Clara Huxley habló deliberadamente en voz alta.
Serena sabía por qué lo hacía.
Era para informar a todo el mundo de que no había pasado nada mientras estuvo secuestrada.
Al instante siguiente, Serena sintió su mano de repente más ligera.
Levantó la vista y vio a Silas Hawthorne levantando a Serafina.
—Tu mano necesita un poco de pomada —dijo él, frunciendo el ceño al verle la muñeca.
Clara Huxley asintió, llamando rápidamente a alguien para que trajera la pomada necesaria.
Serena levantó la vista, y todos en el lugar la miraban con preocupación.
Serena se controló y sonrió.
Silas Hawthorne la atrajo hacia su abrazo.
La maquilladora llegó rápidamente, haciendo pasar a Serena al camerino.
Esta vez, el camerino estaba rodeado de gente por dentro y por fuera.
Los invitados de fuera se sentaron en sus sitios.
Ahora había notablemente menos gente.
Después de todo, ya era de noche y había pasado mucho tiempo; algunos tenían problemas de agenda o tuvieron que irse por otros motivos.
Jasper Ford y los demás también regresaron.
Percival Ford le hizo un gesto para que se acercara.
Jasper Ford obedeció dócilmente; esta mesa estaba llena de figuras influyentes.

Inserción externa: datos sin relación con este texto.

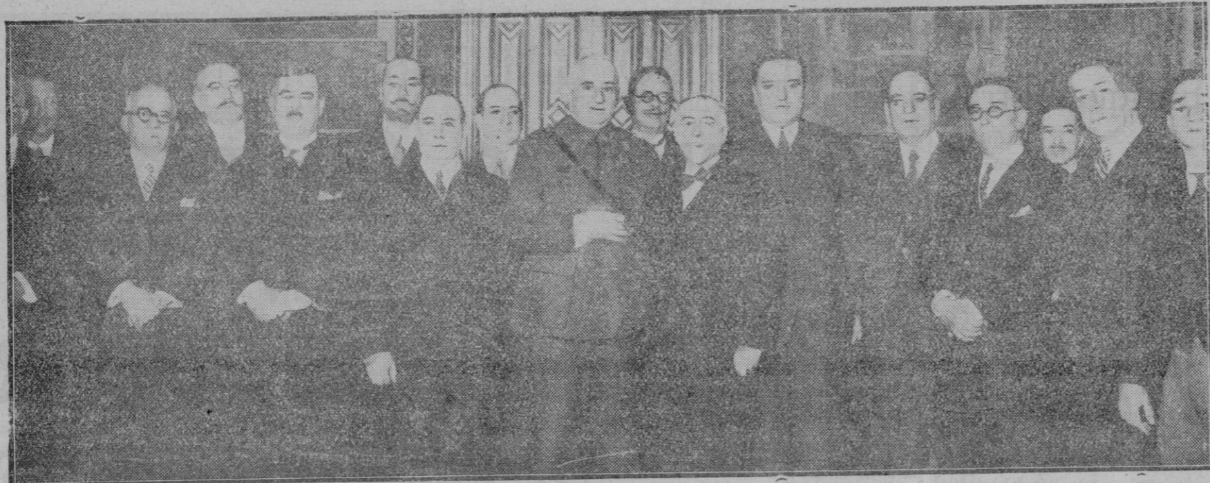
MADRID.—El 21 del actual verificóse en el Ministerio de Estado, la reunión de los representantes diplomáticos americanos con el Presidente del Consejo, el Ministro de Fomento y los Comisionados Regios de las Exposiciones de Sevilla y Barcelona, y se acordó después de algunas consideraciones hechas por el Presidente, que la inauguración de la Exposición de Sevilla sea el 15 de Marzo de 1929 y la de Barcelona el 1.º de mayo del mismo año.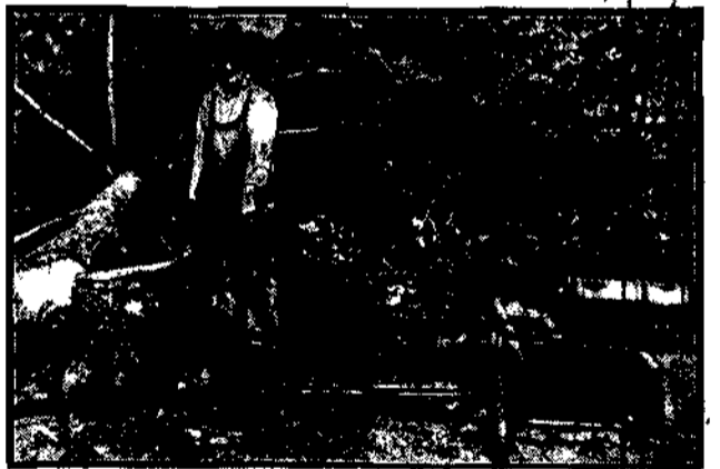
W Ameryce wynaleziono specjalną maszynę do ścinania drzew. Jest ona w stanie powalić drzewo o średnicy jednego metra w przeciągu 17 minut.

—¿Cómo ha ido? —preguntó Percival Ford.
Jasper Ford lo pensó y, enfadado, dijo: —No sé en qué está pensando Julián Lawson, usando su vida para amenazar a Serena, queriendo que ella lo siga o se lanzará al río.
—Pero hoy es su boda con Silas Hawthorne, ¡incluso estaba sentada en la parte de atrás de su moto, eso es simplemente acorralarla!
Jasper Ford dio una palmada.
Levantó la mano izquierda: —Elige a Silas Hawthorne, Julián Lawson quiere lanzarse al río.
Levantó la mano derecha: —Forzada a elegir a Julián Lawson, ¿no es eso traicionar a Silas Hawthorne? Después de todo, Serena se va a casar con Silas Hawthorne.
—No visteis lo atrapada que parecía.
Las figuras influyentes de la mesa se miraron entre sí, ligeramente desconcertadas.
Jasper Ford bajó ambas manos, recorriendo con la mirada la sala, que estaba notablemente menos poblada que antes.
Suspiró profundamente y dijo: —En qué desastre se ha convertido la boda.
Si las figuras influyentes no habían reaccionado antes, ahora compartían profundamente este sentimiento.
Había estado todo tan animado, y ahora se habían ido tantos, y la novia parecía realmente asustada.
—Julián Lawson está actuando de forma muy inmadura.